GK: How did you become involved in research and what do you enjoy most about your work?
RS: I’ve always been fairly interested in research - I started doing undergraduate research projects when I was in my third year of undergrad. I thought it was exciting to actually study the things you learned about in class, get your hands dirty, and answer the questions that have never been answered before. The thing I enjoy most about my job [at Guelph] is not having to do experimental research anymore. When I started, I thought doing experiments were awesome and liked it for a really long time. Now, I like directing the science and coming up with questions, such as coming up with a hypothesis and ways to test it.
GK: Tell us about a project you’re working on currently.
RS: In my lab, we’re interested in fungal pathogens and how they cause disease in different ways, their mechanisms of virulence that make them good pathogens, ways they become and remain resistant to antifungal drugs. We use different systems in the lab to address some of these questions. A lot of [these different molecular systems] are centered around new functional genomic technologies like CRISPR: genome editing that we can use to alter the basic genetics of these fungal pathogens, and then use those technologies to ask questions [like] “How does this alter their ability to cause disease, or resist antifungal drug treatment?”.
GK: What do you wish everyone knew about your research?

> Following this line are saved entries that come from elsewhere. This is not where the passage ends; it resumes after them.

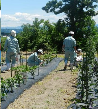
課題研究に励む生徒
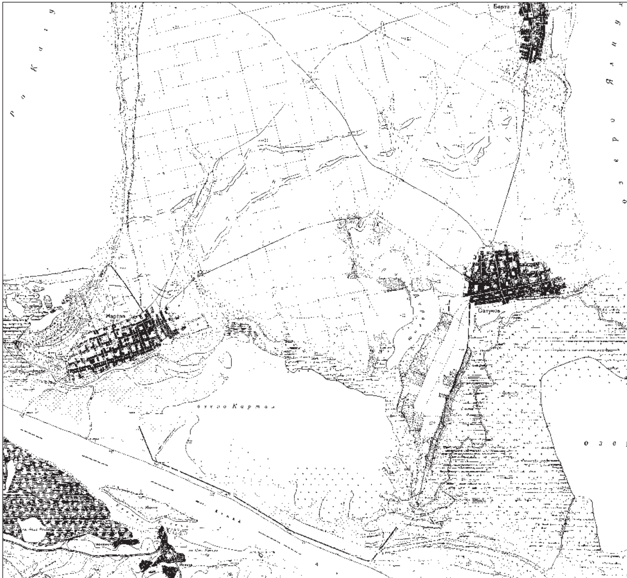
Рис. 1. Район переправи через Дунай у оз. Картал (карты 1941 г.)

Сапожников 2011, с. 217, фото 4, 5), причем, представляется необходимым отметить, что в текстовом описании объекта сам А. С. Уваров (1856, с. 183) писал не о вале, а о рве, у западного края которого он видел остатки стены.
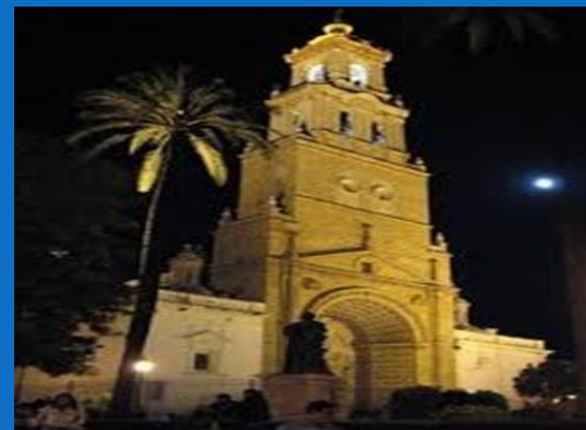
IGLESIA STA. MARÍA DE LA MESA

RS: Broadly what we study are fungal pathogens, and those tend to be pathogens that are fairly neglected by a lot of research initiatives and when you tell people that’s what you work on, people think of toenail fungus and don’t really know much about it (although toenail fungus is a real thing too, I won’t diminish the importance of toenail fungus!). But broadly, people don’t think about fungal pathogens very much. If you asked a person to name a pathogen that causes infectious disease, people think about malaria, TB, HIV, Staph, or Strep, which are all super important, but no one ever names a fungal pathogen amongst those. So I want people to know that fungi cause infections and are also super important. They’re becoming more prevalent and they become “superbugs”, the same way we talk about MRSA, or drug resistant bacterial pathogens. We have a lot of the same problems we see with bacterial pathogens, but not nearly as much research.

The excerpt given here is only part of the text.